Antes de que abriera, tuvimos que esforzarnos mucho para convencerle de que no éramos Pepita.

Aquella noche tuvimos un sueño suave y tranquilo. Tras ella, llegó la mañana del sábado (como sucede casi siempre, después de la noche del viernes).

Nos chupábamos los dedos pensando en las deliciosas comidas que nos esperaban.

Nos vestimos precipitadamente y descendimos en tumulto hasta el comedor.

Hasta que apareció Pepita y echó sobre la mesa una fuente de tamales, no comprendimos que la peor furia del averno es preferible a una mujer desdeñada.

En el almuerzo nos sirvió fríjoles.

¿Y en la cena? ¡Justamente! ¡Carne con chile y café mexicano!

Así queda bien claro, que, a pesar de Enrique VIII, el camino del corazón no pasa necesariamente por el estómago.

En aquel caso, el camino de nuestros estómagos pasaba por el corazón de nuestro hermano X.

Y tengo motivos para decirlo, porque el hermano X era yo.

QUINTA PARTE
La filosofía marxista según Groucho
Lo que este país realmente necesita

Debo advertir ante todo que no soy candidato a nada.

Me gusta, simplemente, que se hable de mí.

El eslogan de «Marx como vicepresidente» no mereció nunca mi apoyo, ni, por otra parte, progresó mucho en ningún momento.
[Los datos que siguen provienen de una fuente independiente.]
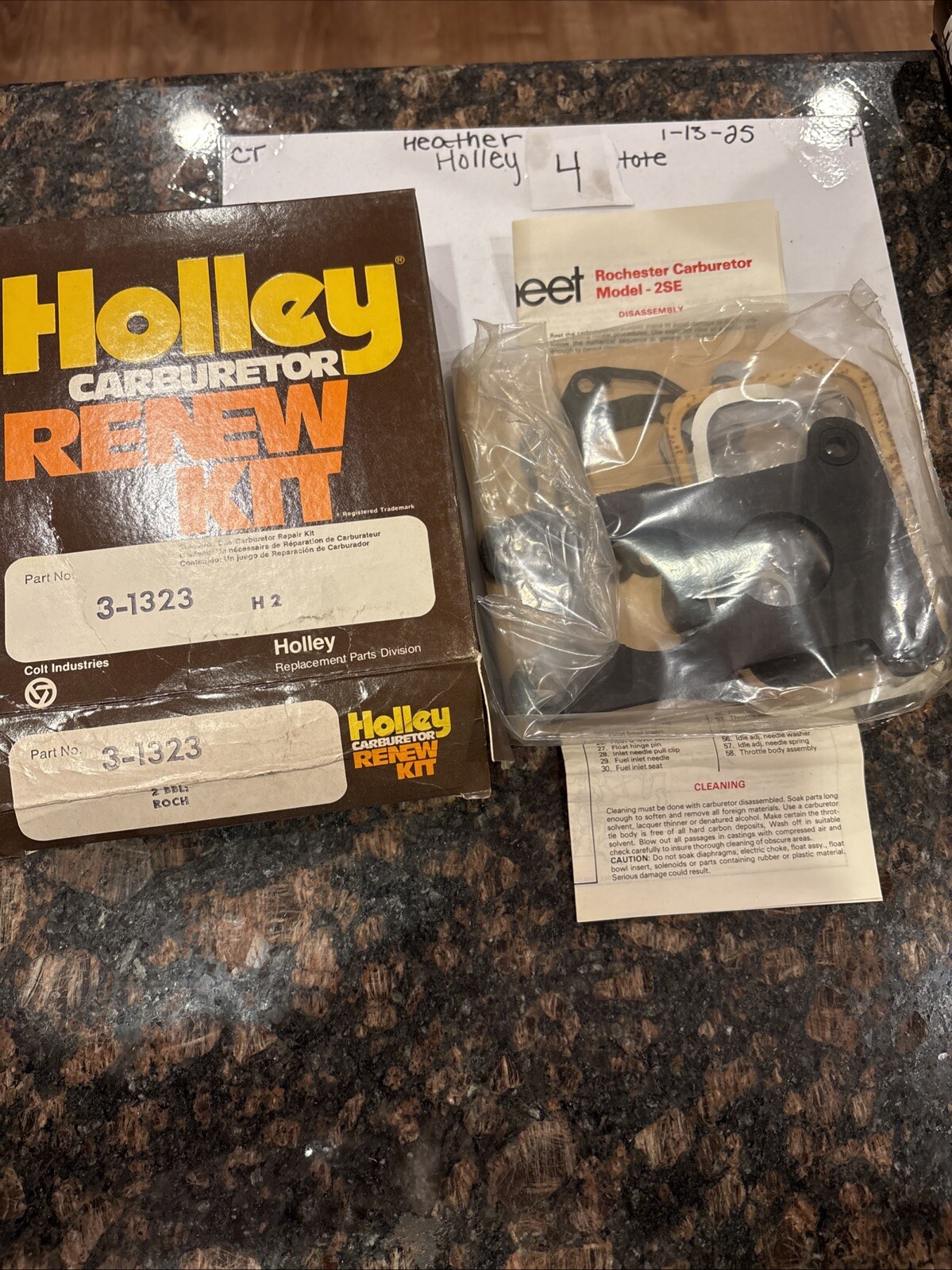 The Holley Renew Kit 3-1323 is a rebuilt kit designed for the Rochester Carburetor Model 2SE 2BBL. It is a direct replacement rebuild kit manufactured by Holley in the United States. This kit is specifically designed to provide all the necessary components for rebuilding and refreshing the carburetor, ensuring optimal performance and efficiency for your vehicle's air and fuel delivery system. It is a reliable choice for maintaining and restoring the functionality of your carburetor.
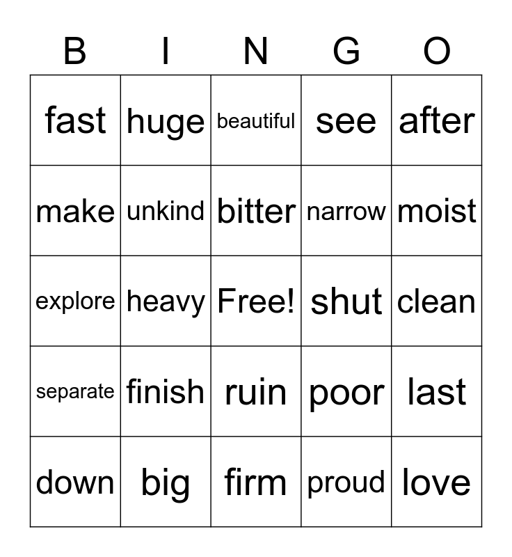 This bingo card has a free space and 24 words: finish, big, bitter, down, after, fast, make, huge, shut, ruin, narrow, explore, poor, last, unkind, proud, clean, beautiful, moist, heavy, love, separate, see and firm.

Fue lanzado por un oscuro californiano que carecía de experiencia política, y que, incidentalmente, estaba completamente borracho.

La cosa en sí sucedió de un modo espontáneo.

Estaba en aquella tediosa cena charlando sobre los problemas mundiales, cuando aquel tipo gritó de repente:

—¡Propongamos a Groucho Marx para la Vicepresidencia!

Naturalmente, me sentí aludido, y pregunté por qué había sido elegido para tal honor. ¿Qué causa impulsaba a mis amigos a presentarme como candidato?